Vaccine candidates based on MVA viral vectors expressing VP2 or VP7 confer full protection against Epizootic hemorrhagic disease virus in IFNAR(-/-) mice.

Abstract

Epizootic hemorrhagic disease (EHD), caused by Epizootic hemorrhagic disease virus (EHDV), is an emerging and severe livestock disease. Recent incursion and distribution of EHDV in Europe have outlined the need for vaccine research against this viral disease. In this work, we report modified vaccinia virus Ankara (MVA)-vectored vaccines designed to express protein VP2 of EHDV-8 or protein VP7 of EHDV-2. Prime boost immunization of adult IFNAR(-/-) mice with the MVA-VP2 vaccine candidate induced high titers of EHDV-8-specific neutralizing antibodies (NAbs) and conferred full protection against homologous lethal challenge with EHDV-8. However, no heterologous protection was observed after lethal challenge with EHDV-6. In contrast, the MVA-VP7 vaccine candidate elicited strong cytotoxic CD8+ T-cell responses against VP7 and conferred complete protection against lethal challenge with either EHDV-8 or EHDV-6 in IFNAR(-/-) mice in the absence of NAbs, being the first multiserotype vaccine candidate against EHDV. Moreover, we expressed recombinant proteins VP2 and VP7 of EHDV in the baculovirus expression system, which were used to analyze the potential DIVA (differentiating infected from vaccinated animals) character of these vaccine candidates.IMPORTANCEEmergence and re-emergence of arthropod-borne viruses are major concerns for both human and animal health.
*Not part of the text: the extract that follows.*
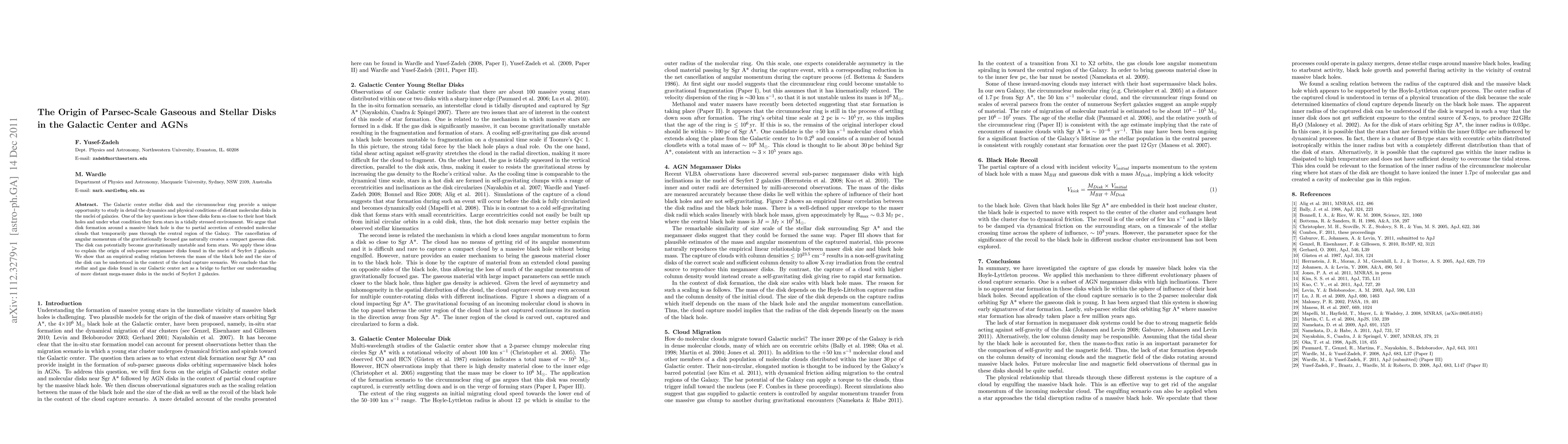 This paper explores the formation of parsec-scale gaseous and stellar disks near massive black holes, proposing that these disks form from the partial accretion of passing molecular clouds. It suggests that the cancellation of angular momentum leads to the creation of compact disks, which may become gravitationally unstable and form stars.

The most recent example is the fast expansion of EHDV-8 through Europe. Besides, EHDV-8 relates with a high prevalence of pathologic cases in cattle populations. No vaccine is currently available in Europe, and vaccine research against this arboviral disease is negligible. In this work, we present novel DIVA vaccine candidates against EHDV, and most importantly, we identified the protein VP7 of EHDV as an antigen capable of inducing multiserotype protection, one of the major challenges in vaccine research against orbiviruses.